> **DATA PROVIDED**
=== Section Start ===

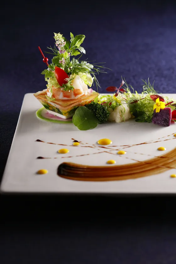 よりお客様のご希望に沿った料理でおもてなしするため、和洋55種類のメニューからオリジナルコースを作り上げるプリフィックスメニューを導入。決められたコース料理ではなく、お客様独自のオートクチュールなコースをご提供できるようになりました。この選べる“ワクワク”感に加え、お客様にインパクトと感動を与えるような遊び心くすぐる演出にもチャレンジ。また、地元の食材をホテルシェフの技とセンスでアレンジしたメニューもさらに進化しました。お食事をより深く味わっていただくためのドリンクは、お好みに合わせて、地酒やカクテルを含めた多彩な種類から料理とのマッチングをご提案いたします。
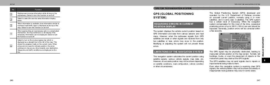 Displays service area information while driving on the
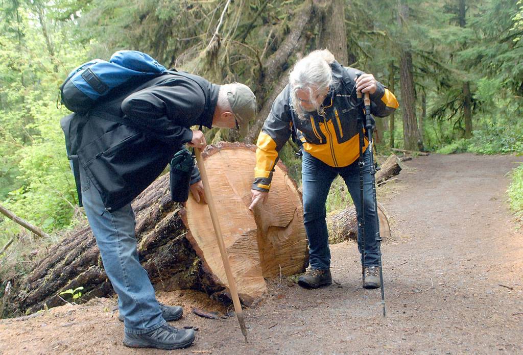 OLYMPIC NATIONAL PARK — Korey Peterson of Poulsbo crosses the foot bridge over Barnes Creek near Lake Crescent in Olympic National Park on Saturday, May 16, 2020, one day after officials reopened limited areas on the north side of the park.

=== Section End ===

> **WORK TO COMPLETE**
Restate the data above word for word. Skip every picture.

> **EXPECTED ANSWER**
 よりお客様のご希望に沿った料理でおもてなしするため、和洋55種類のメニューからオリジナルコースを作り上げるプリフィックスメニューを導入。決められたコース料理ではなく、お客様独自のオートクチュールなコースをご提供できるようになりました。この選べる“ワクワク”感に加え、お客様にインパクトと感動を与えるような遊び心くすぐる演出にもチャレンジ。また、地元の食材をホテルシェフの技とセンスでアレンジしたメニューもさらに進化しました。お食事をより深く味わっていただくためのドリンクは、お好みに合わせて、地酒やカクテルを含めた多彩な種類から料理とのマッチングをご提案いたします。
 Displays service area information while driving on the
 OLYMPIC NATIONAL PARK — Korey Peterson of Poulsbo crosses the foot bridge over Barnes Creek near Lake Crescent in Olympic National Park on Saturday, May 16, 2020, one day after officials reopened limited areas on the north side of the park.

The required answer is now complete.